Excerpted records
—————

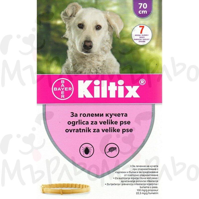 KILTIX 70 см – противопаразитна каишка за големи кучета. Осигурява до 7 месеца защита срещу кърлежи и бълхи. Съдържа пропоксур и флуметрин. Убива паразитите до 24 часа след поставяне. Подходяща за големи породи.
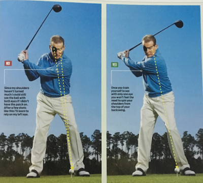 *** หัวใจของ Drill นี้คือ ต้องการให้เราคุ้นเคยกับการใช้ตาซ้ายในการ Focus ลูกกอล์ฟให้มากขึ้น Drill จากที่พวกเราลองกันคิดว่าน่าจะเหมาะมากกับคนที่มี Right eye dominant เพราะคนที่มี Right eye dominant นั้นจะพยายามที่จะมองลูกกอล์ฟด้วยตาขวาแต่ตาขวานั้นจะมองไม่เห็นลูกตามที่ได้อธิบายไว้ ซึ่งเป็นเหตุให้นักกอล์ฟพยายามหมุนหัวกลับเพื่อดูลูกด้วยตาขวาซึ่งจะ lead ไปเป็นอาการ Over the top นั้นเอง
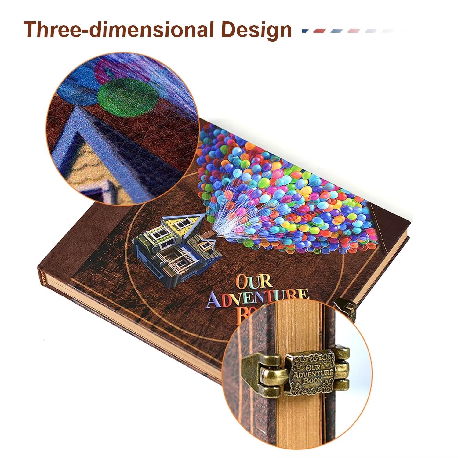 Hver bok leveres med Pixar UP film-tematiserte tilbehør, med én bok får du 8 postkort samlinger, fotohjørnestikere samt UP Russell og Carl karakter.
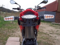 Este producto no solo simplifica el aspecto de tu moto, sino que también asegura que se mantenga alineado con las normativas de tráfico, gracias a su diseño inteligente y funcional. Es la elección perfecta para quienes buscan una solución elegante y práctica para su portamatrícula, asegurando que su moto se destaque tanto en rendimiento como en estilo.
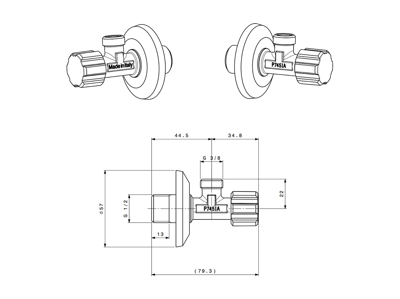 Robinet Sous Lavabo 1/2X3/8 Avec Poignée Hexagonale
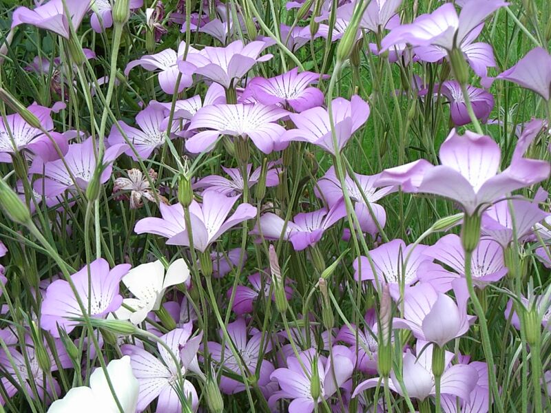 線形〜披針形の葉が対生し、紫桃色で中心が白いものが多い5弁花が咲く
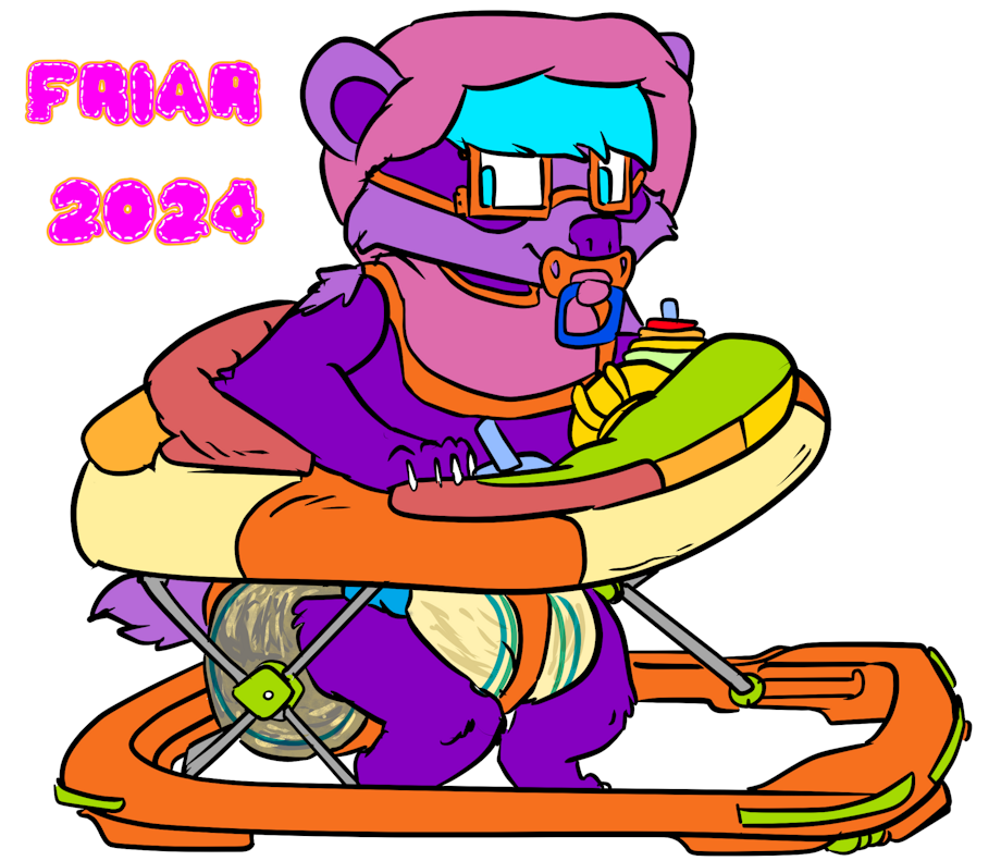 Illustration of Everett the wet and messy diapered badger wearing a bonnet and a bib, sucking on a pacifier while seated in a baby walker.
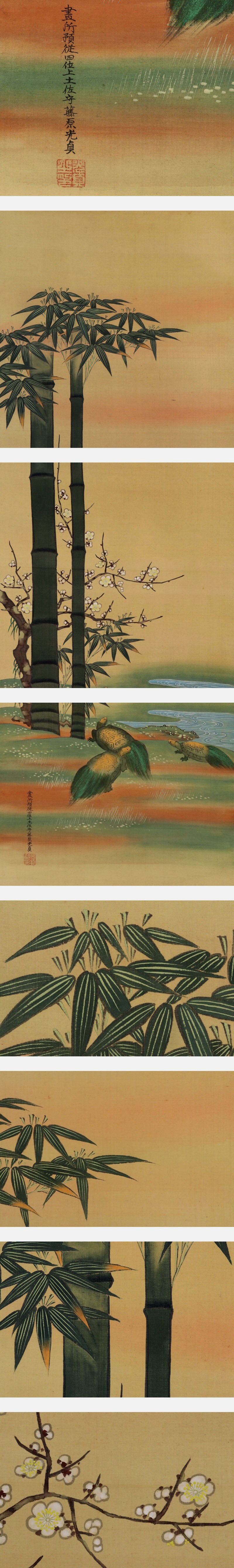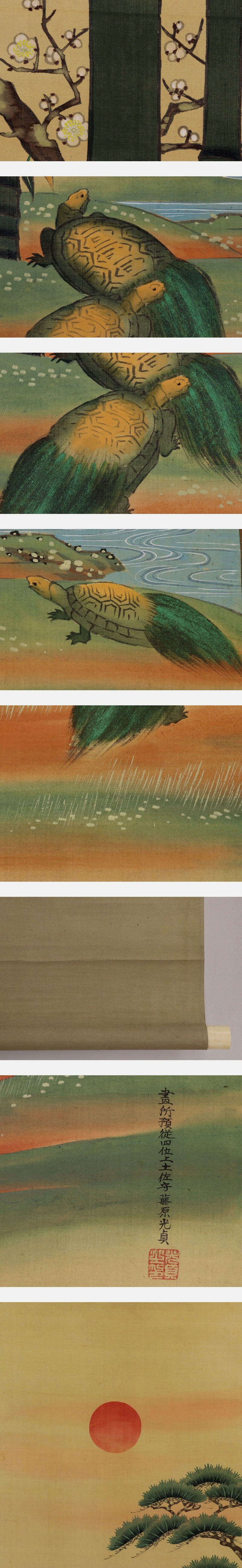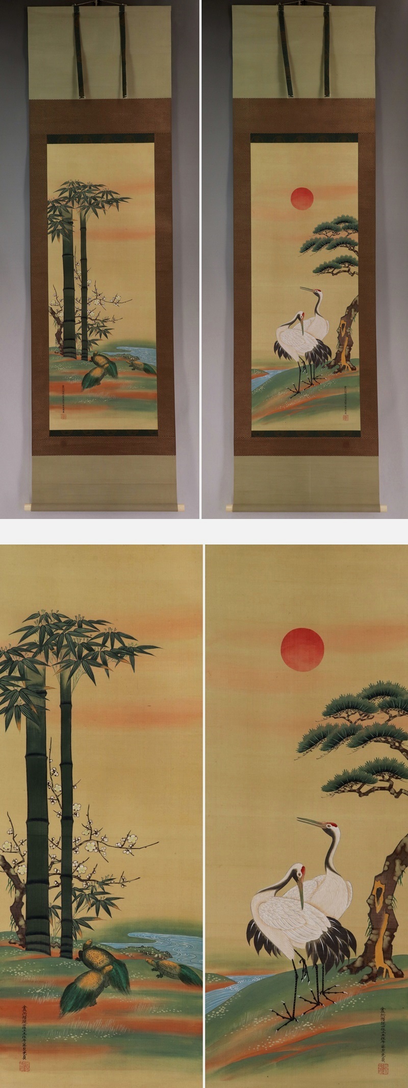 | №2112098【真作】土佐光貞【双幅・慶祝図】◆絹本◆合箱◆掛軸 | |
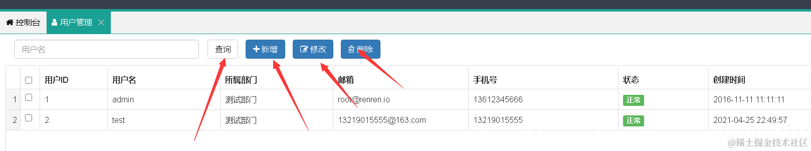具体功能模块:用户模块、角色模块、菜单模块、部门模块以及灵活的权限控制,可控制到页面或按钮,满足绝大部分的权限需求
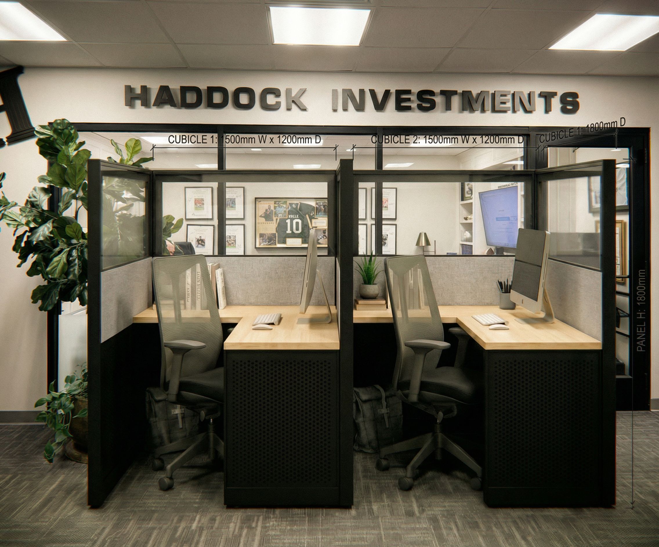 PromptInsert cubicles in Reference 1 to the outside of the glass and centered., keep exact camera angle
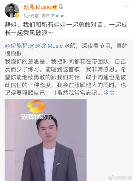 伊能静的道歉,贴心的赵导师也很快回复:静姐,我们和所有姐姐一起勇敢对话,一起成长一起乘风破浪~
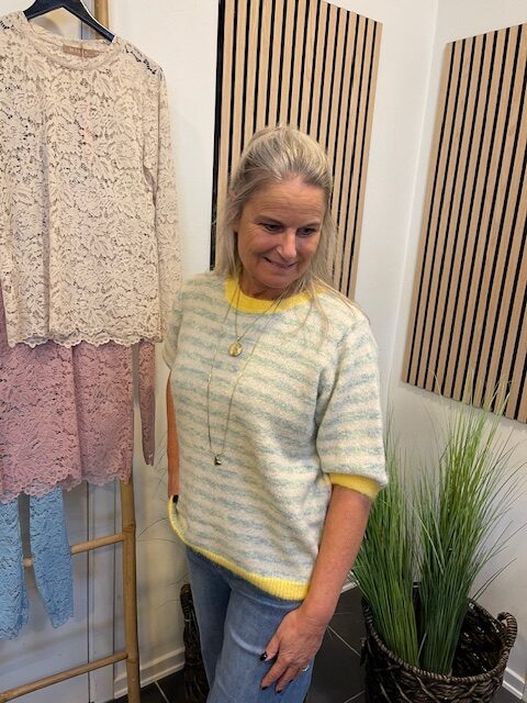 Kortærmet strikbluse med vandrette striber i mintgrøn og offwhite fra Marta. Strikken har gule ribkanter ved hals, ærmer og bund tilføjer et friskt touch. Den er nem at style til både jeans, bukser og til en nederdel.
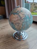 Mooie 12 inch wereldbol / globe met een reproductie van een kaart uit 1921 (weber costello). Op sommige plekken laten de opgeplakte kaartdelen los, en aan een kant is hij licht verkleurd. Verder draai
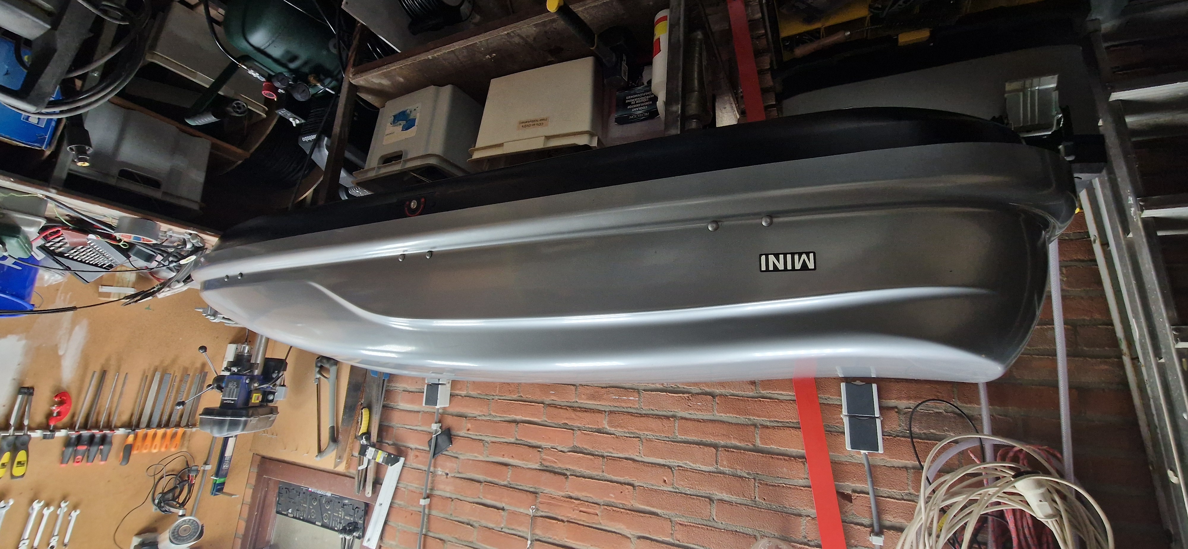 Hier onder nog even één foto van de aangeschafte dak-koffer, foto's van de binnenkant en hoe het op het dak van onze Countryman lijkt volgen nog.
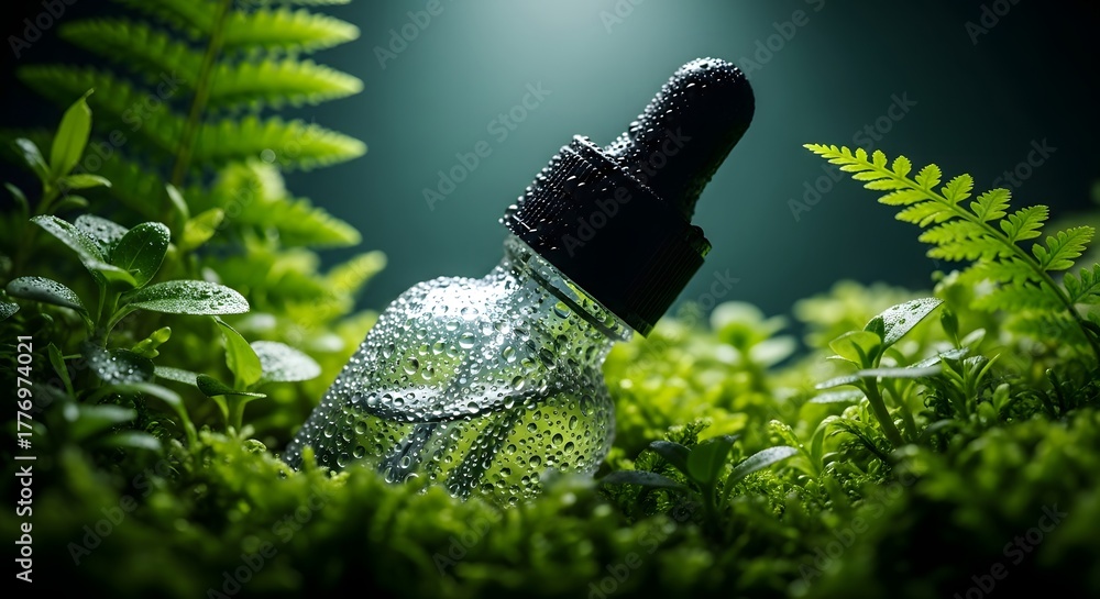 Natural Serum Dropper Bottle in Lush Green Foliage for Organic Skincare Concepts #1776974021
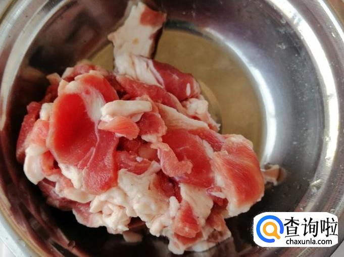 取一块新鲜的羊肉,用清水把羊肉洗净,然后把羊肉放在菜板上,用刀把羊肉切成片,切好备用。
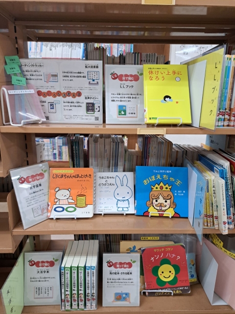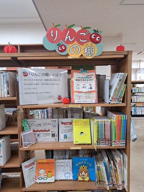 他にも読書支援コーナー、ユニバーサルコーナーなどの形で展開している図書館も増えてきていますが、「りんごの棚」がよいのは「りんご」のマークがアイコンになって目立つだけでなく楽しそうな感じがするところで、障害者向けのような枠にはめない読書コーナーという共通認識を育てます。
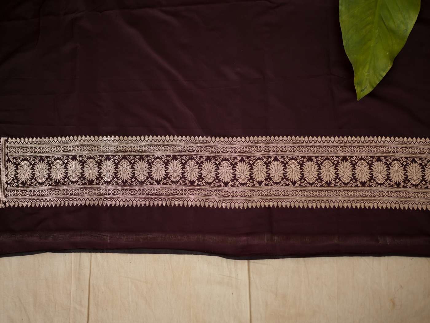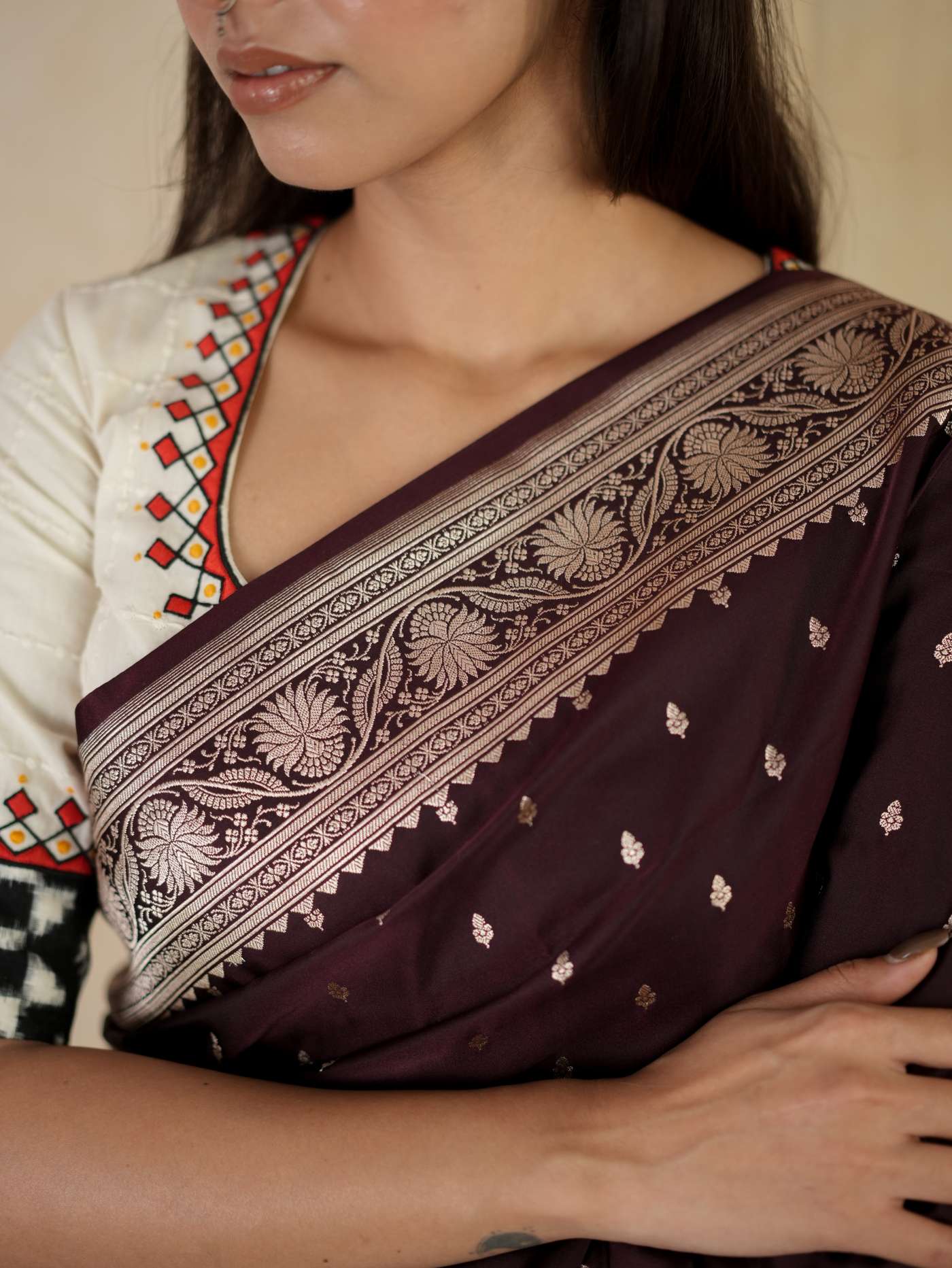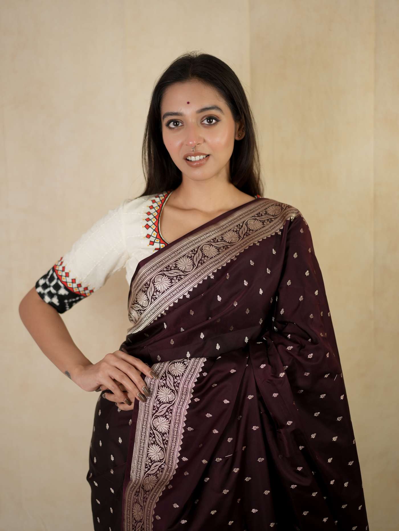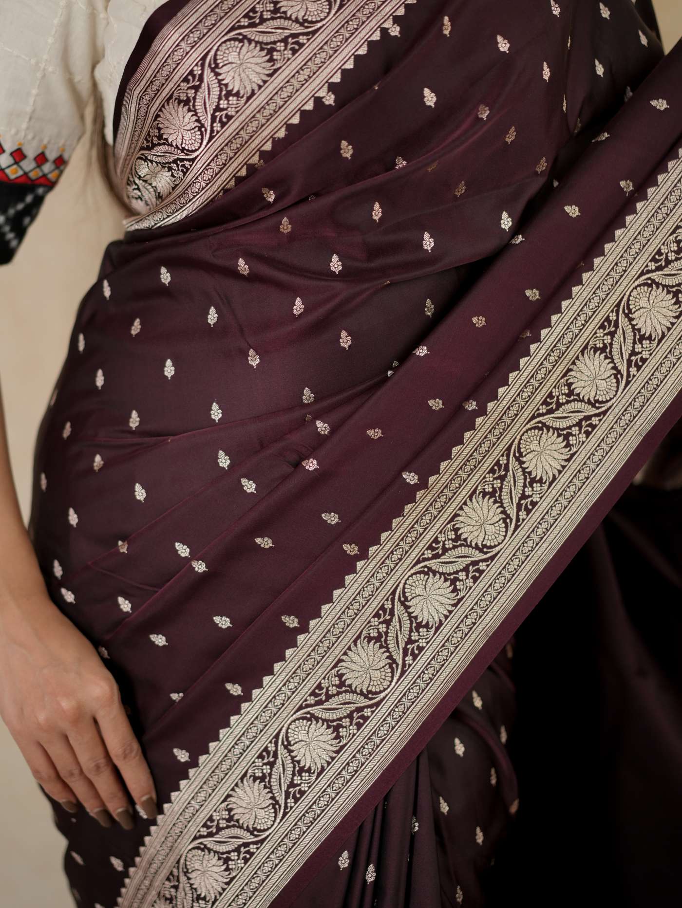 Experience regal elegance with our dark brown silk Art Banarasi saree, adorned with delicate butta motifs woven across the body. The saree is enhanced with a richly detailed antique golden zari border. The pallu showcases elaborate floral and paisley motifs in shimmering zari work, reflecting classic Banarasi craftsmanship—perfect for weddings and grand festive occasions.

—————

What you will do
With the images removed, give back every entry exactly as shown.

Written answer
 KILTIX 70 см – противопаразитна каишка за големи кучета. Осигурява до 7 месеца защита срещу кърлежи и бълхи. Съдържа пропоксур и флуметрин. Убива паразитите до 24 часа след поставяне. Подходяща за големи породи.
 *** หัวใจของ Drill นี้คือ ต้องการให้เราคุ้นเคยกับการใช้ตาซ้ายในการ Focus ลูกกอล์ฟให้มากขึ้น Drill จากที่พวกเราลองกันคิดว่าน่าจะเหมาะมากกับคนที่มี Right eye dominant เพราะคนที่มี Right eye dominant นั้นจะพยายามที่จะมองลูกกอล์ฟด้วยตาขวาแต่ตาขวานั้นจะมองไม่เห็นลูกตามที่ได้อธิบายไว้ ซึ่งเป็นเหตุให้นักกอล์ฟพยายามหมุนหัวกลับเพื่อดูลูกด้วยตาขวาซึ่งจะ lead ไปเป็นอาการ Over the top นั้นเอง
 Hver bok leveres med Pixar UP film-tematiserte tilbehør, med én bok får du 8 postkort samlinger, fotohjørnestikere samt UP Russell og Carl karakter.
 Este producto no solo simplifica el aspecto de tu moto, sino que también asegura que se mantenga alineado con las normativas de tráfico, gracias a su diseño inteligente y funcional. Es la elección perfecta para quienes buscan una solución elegante y práctica para su portamatrícula, asegurando que su moto se destaque tanto en rendimiento como en estilo.
 Robinet Sous Lavabo 1/2X3/8 Avec Poignée Hexagonale
 線形〜披針形の葉が対生し、紫桃色で中心が白いものが多い5弁花が咲く
 Illustration of Everett the wet and messy diapered badger wearing a bonnet and a bib, sucking on a pacifier while seated in a baby walker.
 | №2112098【真作】土佐光貞【双幅・慶祝図】◆絹本◆合箱◆掛軸 | |
具体功能模块:用户模块、角色模块、菜单模块、部门模块以及灵活的权限控制,可控制到页面或按钮,满足绝大部分的权限需求
 PromptInsert cubicles in Reference 1 to the outside of the glass and centered., keep exact camera angle
 伊能静的道歉,贴心的赵导师也很快回复:静姐,我们和所有姐姐一起勇敢对话,一起成长一起乘风破浪~
 Kortærmet strikbluse med vandrette striber i mintgrøn og offwhite fra Marta. Strikken har gule ribkanter ved hals, ærmer og bund tilføjer et friskt touch. Den er nem at style til både jeans, bukser og til en nederdel.
 Mooie 12 inch wereldbol / globe met een reproductie van een kaart uit 1921 (weber costello). Op sommige plekken laten de opgeplakte kaartdelen los, en aan een kant is hij licht verkleurd. Verder draai
 Hier onder nog even één foto van de aangeschafte dak-koffer, foto's van de binnenkant en hoe het op het dak van onze Countryman lijkt volgen nog.
 Natural Serum Dropper Bottle in Lush Green Foliage for Organic Skincare Concepts #1776974021
 取一块新鲜的羊肉,用清水把羊肉洗净,然后把羊肉放在菜板上,用刀把羊肉切成片,切好备用。
 他にも読書支援コーナー、ユニバーサルコーナーなどの形で展開している図書館も増えてきていますが、「りんごの棚」がよいのは「りんご」のマークがアイコンになって目立つだけでなく楽しそうな感じがするところで、障害者向けのような枠にはめない読書コーナーという共通認識を育てます。
 Experience regal elegance with our dark brown silk Art Banarasi saree, adorned with delicate butta motifs woven across the body. The saree is enhanced with a richly detailed antique golden zari border. The pallu showcases elaborate floral and paisley motifs in shimmering zari work, reflecting classic Banarasi craftsmanship—perfect for weddings and grand festive occasions.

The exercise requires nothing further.